→ Record set
________________________

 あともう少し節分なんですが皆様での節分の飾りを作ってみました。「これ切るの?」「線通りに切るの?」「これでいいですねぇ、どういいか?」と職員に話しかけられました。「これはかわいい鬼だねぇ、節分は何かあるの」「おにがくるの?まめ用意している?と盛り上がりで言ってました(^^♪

________________________

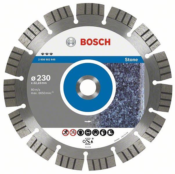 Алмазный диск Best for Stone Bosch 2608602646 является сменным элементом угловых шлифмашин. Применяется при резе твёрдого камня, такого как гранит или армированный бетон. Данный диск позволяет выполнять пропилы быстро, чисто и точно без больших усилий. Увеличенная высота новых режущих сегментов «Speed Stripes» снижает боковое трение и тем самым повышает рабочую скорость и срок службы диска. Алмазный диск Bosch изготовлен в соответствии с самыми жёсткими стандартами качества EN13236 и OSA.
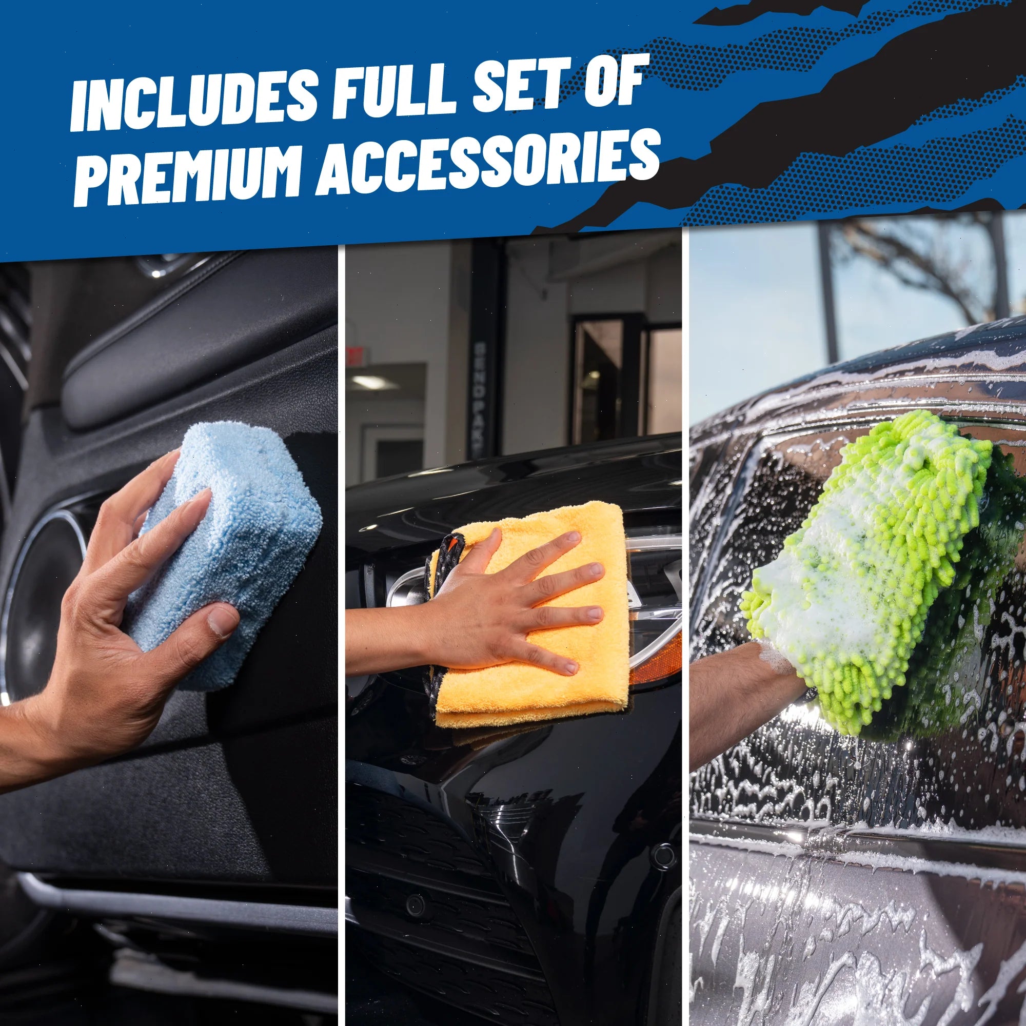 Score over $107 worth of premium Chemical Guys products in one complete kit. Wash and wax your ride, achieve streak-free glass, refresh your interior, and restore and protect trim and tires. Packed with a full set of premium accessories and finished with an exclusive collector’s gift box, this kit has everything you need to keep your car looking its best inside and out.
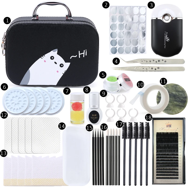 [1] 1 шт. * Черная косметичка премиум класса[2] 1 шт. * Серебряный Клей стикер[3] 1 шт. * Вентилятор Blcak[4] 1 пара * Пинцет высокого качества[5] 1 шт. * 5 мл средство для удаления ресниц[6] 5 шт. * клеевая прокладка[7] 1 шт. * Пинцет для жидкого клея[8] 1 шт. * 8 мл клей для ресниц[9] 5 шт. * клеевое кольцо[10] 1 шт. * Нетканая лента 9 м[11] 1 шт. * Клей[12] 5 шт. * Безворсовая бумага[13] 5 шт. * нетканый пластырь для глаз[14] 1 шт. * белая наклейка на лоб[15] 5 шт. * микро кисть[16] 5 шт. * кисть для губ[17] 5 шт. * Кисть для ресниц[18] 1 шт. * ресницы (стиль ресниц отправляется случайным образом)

________________________

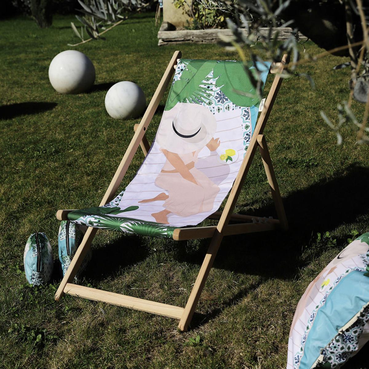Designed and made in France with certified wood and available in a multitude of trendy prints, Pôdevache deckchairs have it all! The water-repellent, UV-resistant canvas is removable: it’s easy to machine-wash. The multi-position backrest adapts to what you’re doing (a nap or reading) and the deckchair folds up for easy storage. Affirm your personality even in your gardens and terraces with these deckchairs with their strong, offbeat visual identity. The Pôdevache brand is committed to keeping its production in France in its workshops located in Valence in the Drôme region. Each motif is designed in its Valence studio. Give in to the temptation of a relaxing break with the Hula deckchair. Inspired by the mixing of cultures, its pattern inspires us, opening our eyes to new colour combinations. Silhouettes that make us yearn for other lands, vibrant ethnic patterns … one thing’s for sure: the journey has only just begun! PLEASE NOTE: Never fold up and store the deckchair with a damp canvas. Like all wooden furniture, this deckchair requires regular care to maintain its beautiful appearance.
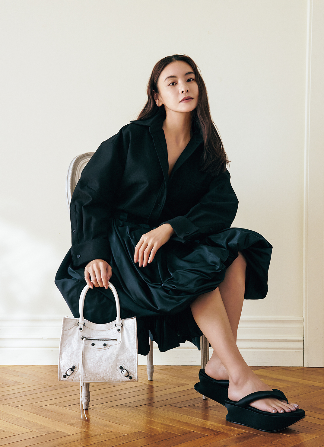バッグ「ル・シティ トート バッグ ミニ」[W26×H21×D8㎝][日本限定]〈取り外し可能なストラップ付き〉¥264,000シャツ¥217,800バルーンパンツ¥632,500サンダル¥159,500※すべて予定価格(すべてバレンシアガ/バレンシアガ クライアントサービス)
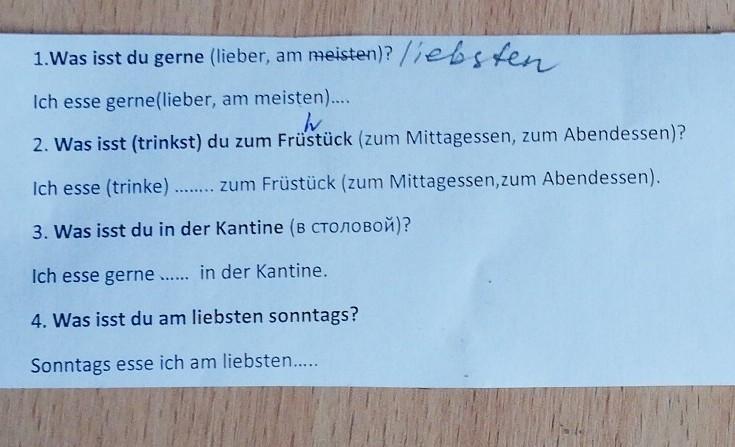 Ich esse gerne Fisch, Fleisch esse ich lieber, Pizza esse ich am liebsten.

________________________

→ What to produce
The reply should hold the entries above from the line with "Алмазный диск Best" to the line with "Score over $107", duplicated exactly, pictures excluded.

→ Output for this task
 Алмазный диск Best for Stone Bosch 2608602646 является сменным элементом угловых шлифмашин. Применяется при резе твёрдого камня, такого как гранит или армированный бетон. Данный диск позволяет выполнять пропилы быстро, чисто и точно без больших усилий. Увеличенная высота новых режущих сегментов «Speed Stripes» снижает боковое трение и тем самым повышает рабочую скорость и срок службы диска. Алмазный диск Bosch изготовлен в соответствии с самыми жёсткими стандартами качества EN13236 и OSA.
 Score over $107 worth of premium Chemical Guys products in one complete kit. Wash and wax your ride, achieve streak-free glass, refresh your interior, and restore and protect trim and tires. Packed with a full set of premium accessories and finished with an exclusive collector’s gift box, this kit has everything you need to keep your car looking its best inside and out.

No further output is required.